ALPHA-003 is designed to prevent damaging brain inflammation by binding to tau and neurofilaments, providing the microtubular protection that Scott is referring to. The result of deep-learning, computational drug design technology developed in Australia, ALPHA-003 started life as a more general anti-inflammatory drug, countering the effects of human group IIA secretory phospholipase A2 (hGIIA), a significant player in inflammatory conditions, before its developers realized its potential for treating neuroinflammation, specifically.
“ALPHA-003 was under development as a new form of anti-inflammatory drug that worked by blocking the activating effects of the key inflammatory ligand, hGIIA, on a range of cell structural proteins,” Professor Graham Kelly, Filamon’s co-founder, CEO, and Managing Director said in an interview with New Atlas. “Activation of those proteins underlies most chronic inflammatory changes. Recent published data has shown that tau is another structural protein that responds to hGIIA, so we simply asked the question whether ALPHA-003 would have the same protective effect on tau. Our studies showed that it does, to the extent of blocking the ability of tau to form sheets of oligomers that comprise the ‘tau neurofibrillary tangles.’”
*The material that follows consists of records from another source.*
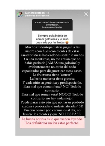 En otra historia, agregó: “Yo probé de todo, el gran acierto fue caer en una odontopediatra amorosa, que no juzga y acompaña. La realidad es que en mi experiencia no hay mucho por hacer cuando son tan pequeños, más que higienizar muy bien para proteger los dientes sanos e inculcar el hábito del correcto lavado de dientes”.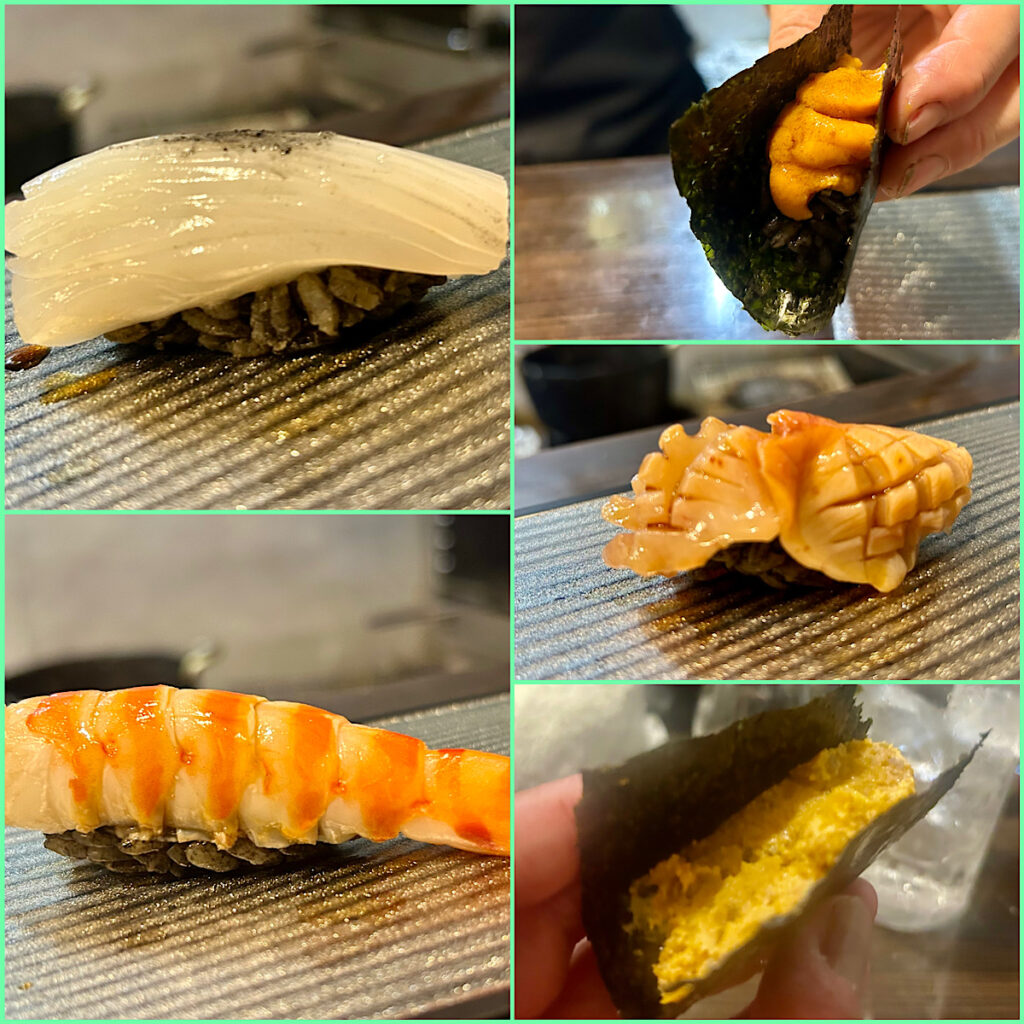 墨塩を乗せた剣先烏賊、天然車海老、北海道の雲丹、マグロが苦手なので代わりに赤貝、玉子焼きでフィニッシュ。。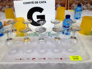 En cada mesa de unas 40 personas , se sirve un tipo de vino de los que van a concursar, me explico, a nosotros nos correspondió el tinto crianza y no catamos todos los de este tipo que se presentaron, pues en concreto el ganador no pasó por nuestras copas, por la referencia que posteriormente he apreciado que tenía el mismo.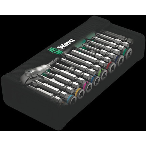 8000 A Zyklop Speed Ratchet with 1/4" drive 05003500001 1x 1/4" x 152 mm 8790 HMA Zyklop 1/4" socket 05003514001 1x 3/16" x 23 mm 05003515001 1x 7/32" x 23 mm 05003516001 1x 1/4" x 23 mm 05003517001 1x 9/32" x 23 mm 05003518001 1x 5/16" x 23 mm 05003519001 1x 11/32" x 23 mm 05003520001 1x 3/8" x 23 mm 05003521001 1x 7/16" x 23 mm 05003522001 1x 1/2" x 23 mm 8794 LA Zyklop extension with free-turning sleeve, long, 1/4" 05003526001 1x 1/4" x 150 mm 8794 A Zyklop wobble extension, 1/4" 05003527001 1x 1/4" x 56 mm 8784 A1 Zyklop bit adaptor, 1/4" 05003529001 1x 1/4" x 37 mm 851/4 TZ bits 05059805001 1x PH 1 x 50 mm 05059810001 1x PH 2 x 50 mm 05059815001 1x PH 3 x 50 mm 855/4 TZ bits 05060005001 1x PZ 1 x 50 mm 05060010001 1x PZ 2 x 50 mm 867/4 Z TORX® bits 05060132001 1x TX 10 x 50 mm 05060133001 1x TX 15 x 50 mm 05060134001 1x TX 20 x 50 mm 05060135001 1x TX 25 x 50 mm 05060136001 1x TX 27 x 50 mm 05060137001 1x TX 30 x 50 mm 840/4 Z bits 05135096001 1x 5/32" x 50 mm 05135097001 1x 3/16" x 50 mm 05135098001 1x 7/32" x 50 mm 05135099001 1x 1/4" x 50 mm Hook and Loop Fastener Strip 120 1x 120x50 mm |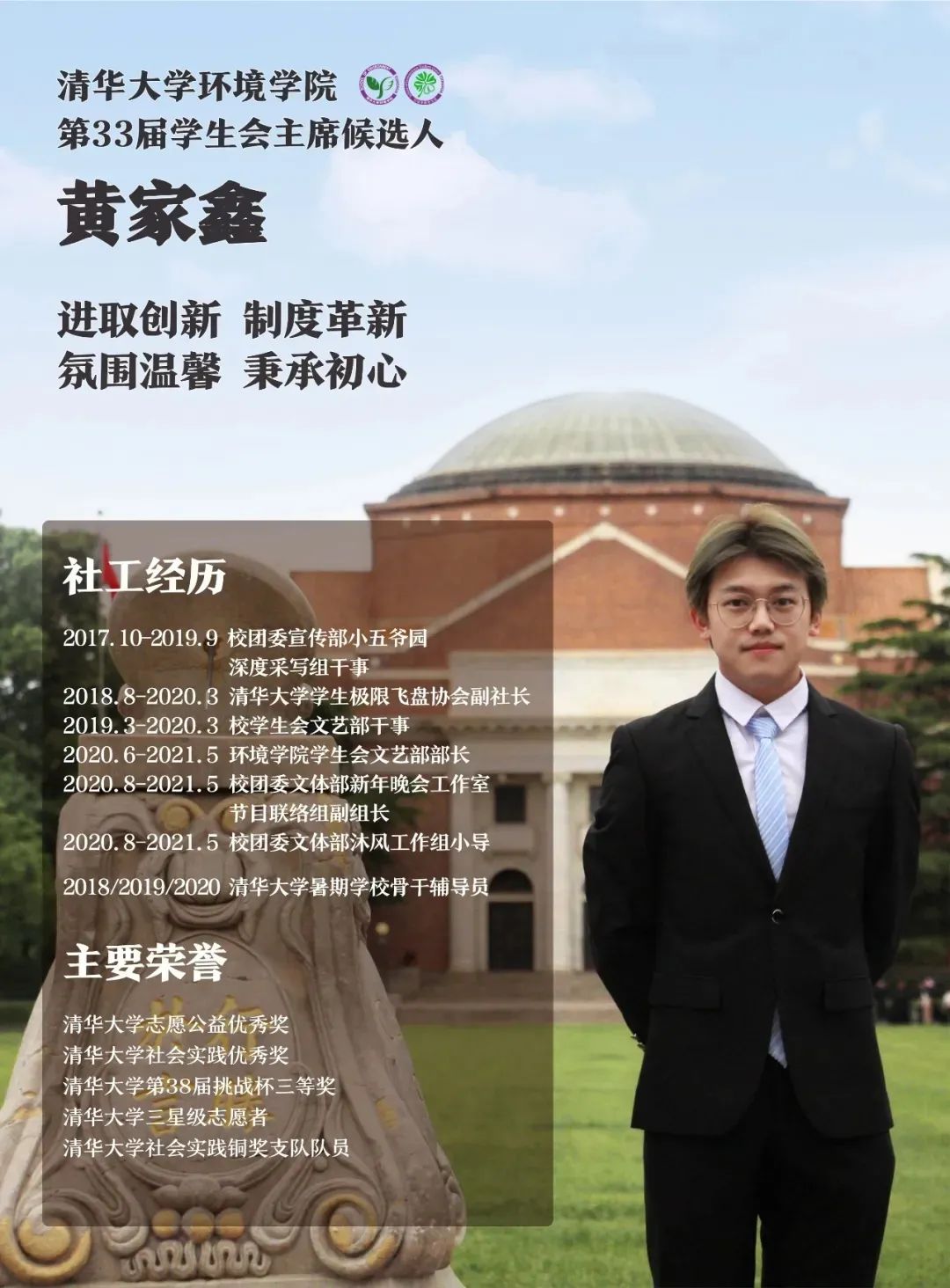 此外,秉承着“服务同学,提升自我”的初心,黄家鑫也在校团委和学院担任重要社工岗位,表现出较强的组织、沟通和领导能力;现任环境学院学生会主席,“进取创新、制度革新、氛围温馨、秉承初心”是他竞选学生会主席的理念。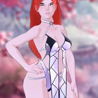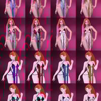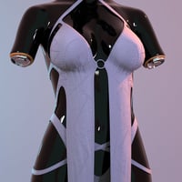 - Accessories: Black choker with a metal ring, reinforcing the futuristic and sexy look.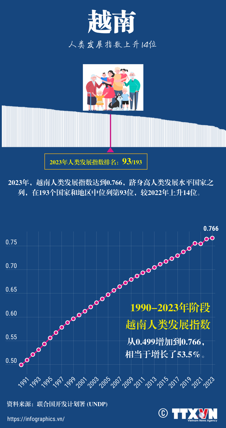 2023年,越南人类发展指数达到0.766,跻身高人类发展水平国家之列,在193个国家和地区中位列第93位,较2022年上升14位。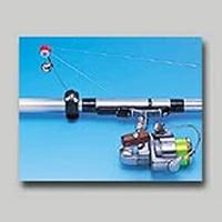 竿尻側にベルトで固定し、ラインホルダーのゴムのすき間に道糸を挟み、ネジで好みの強さで外れるように調節して下さい。これで活きアジの引っ張り程度では外れず、アオリイカが乗った時に道糸がラインホルダーから外れ、鈴の音でアタリを知らせます。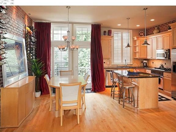 Beautiful townhome with many upgrades. Brick wall in dining room and kitchen gives you the look and feel of loft living, maple floors, slab granite, wine refrigerator, full surround sound, beautiful stone accents. Immaculate 3 Bedroom 3 1/2 bath townhouse with an attached 2 car garage in the heart of downtown Lake Oswego across the street the farmer’s market, coffee shops, parks, and restaurants. Featuring a gourmet kitchen with granite and stainless appliances. You'll love the soaring ceilings and great light, hardwood floors, gas fireplace and gorgeous black slate heated flooring. The lower level bedroom suite has a walk-in closet and 3/4 bath, the upper has 2 bedroom suites with full baths and walk-ins.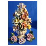 - Nuova Capodimonte Candle Holders, Porcelain Rose, Capodimote Of Porcelain Flower Bouquet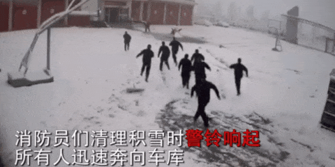 有幾名消防員不小心摔了個(gè)“屁股蹲兒”,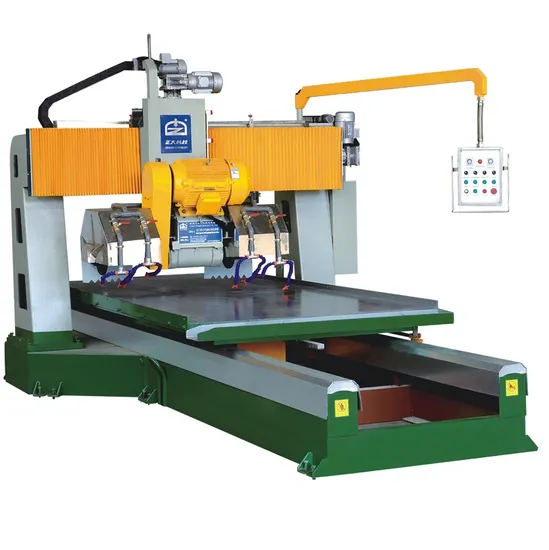 PLC automatic Profiling cutter for granite marble linesThe portal type PLC profiling machine is our latest design for processing the special-shape stone material. This machine extends the maximum width to 1580mm, and it can make 4PCS of line in one time due to 4 blades. Besides, it adopts the double triangle in the rail to improve the stability and working life.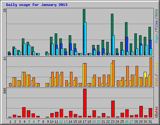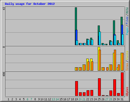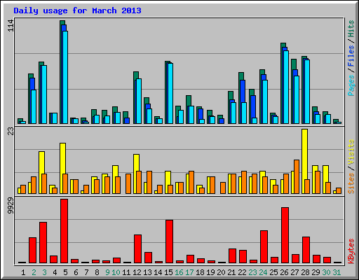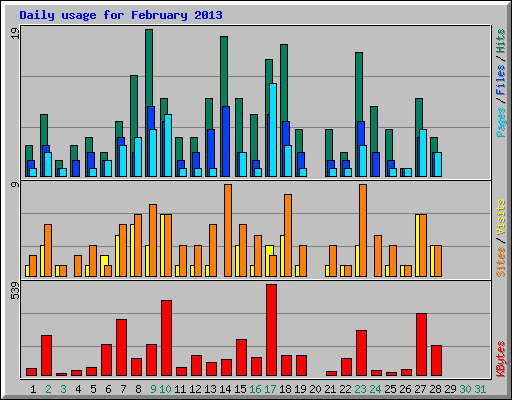 Day | Hits | Files | Pages | Visits | Sites | KBytes | ||||||

But it wasn’t just the need to fill a treatment niche that drove the drug’s development. Kelly explained to New Atlas that experiencing the devastating effects of dementia first-hand was also a motivating factor.
“The personal angle has been the confronting experience of seeing a very good friend who has always been a bundle of energy and force of nature deteriorate into a tragic, sunken, shell of a woman who has lost all recognition of friends and family,” he said.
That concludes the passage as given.